The Little Tiger’s Roar

Based on a fable told
by the 19th Century Hindu saint, Sri Ramakrishna

One day a hungry, mother tiger came down from the snowy mountain to a green valley to search for food. She hid behind a large boulder, a tiger cub at her side, and waited for a family of goats to come near.

The unsuspected goats with their bearded heads were nibbling grass as they came close to the boulder. Suddenly the mother tiger let out a roar and chased after them. The terrified goats cried out, “baaah,baaah, baaah” , as they ran away.

The mother tiger pursued the goats only a short distance before she stumbled and fell to the ground. Weakened by hunger, she had used her last strength and now was dead.

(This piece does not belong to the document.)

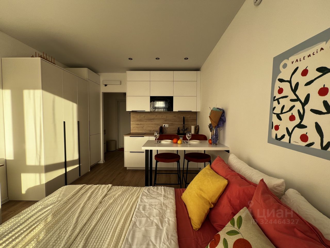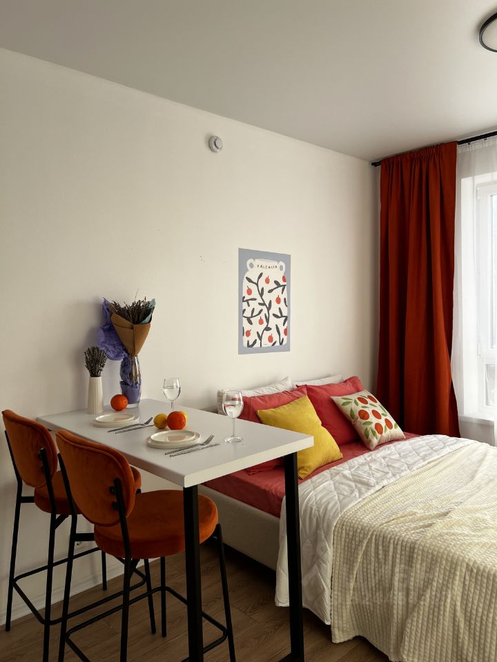 Сдаётся впервые! Замечательная уютная студия. Есть вся необходимая современная мебель и бытовая техника. Двуспальная кровать. Кухонный гарнитур. Посудомоечная машина. С/узел совмещённый. Душ-кабина. Квартира сдаётся на длительный срок. БЕЗ ДОМАШНИХ ЖИВОТНЫХ.

The little tiger called out when his mother did not return to the boulder. The goats heard his helpless crying  and had compassion. They approached the little tiger and one of the mother goats fed her milk to the little tiger. And so the little tiger came to live among the goats of the green valley. And as you might expect the goats taught the little tiger their own ways. They taught  him to nibble grass like a goat, and bleat like a goat instead of roar like a tiger, and eat juicy red meat.

One day another tiger came down from the snowy mountain to the green valley. This was a father tiger and he did not hide behind the boulder. He let out a great roar and the goats ran away; all ran away except the little tiger. He had some bit of tiger courage in his heart and he stood tall before the ferocious tiger.

“What is this”, said the big tiger, “a tiger living among goats?”

“Baah, baah, baah”, said the little tiger to the big tiger.

“What is this”, said the big, father tiger, “a tiger that speaks like a goat? This cannot be. I will show you that you are not a goat.” The father tiger picked up the tiger cub by the scruff of the neck and carried him to a pool of water.

“Now look into the water”, said the father tiger, “do you not see two faces, both with black and yellow stripes, long whiskers and sharp, pointed teeth?”

The little tiger looked into the water. He looked at the big tiger, but again he said, “baah, baah, baah”.

The big tiger was not discouraged by the little tiger’s response. “I will yet teach you to speak like a tiger”. Again he picked up the little tiger by the scruff of the neck and now he carried him up the snow mountain to a dark cave where he had stored juicy, red meat that he liked best to eat. He offered a bit of the red meat to the little tiger, but the little tiger was used to eating grass like the goats. He did not want to taste the meat.

“No, no, no”, said the great, father tiger patiently, “you must taste it”.   Now the father tiger put a piece of the juicy, red meat into the little tiger’s mouth.

The little tiger tasted the meat and he liked it. He ate one, two, three, four, five pieces of meat! Then for the first time, the little tiger felt a new feeling come into his belly. This feeling rose up through his chest, and suddenly there came from him a great, loud, tiger roar!

So the story tells us, the young tiger cub discovered his true voice. From that day he lived happily on the snowy mountain and never went back down to the green valley.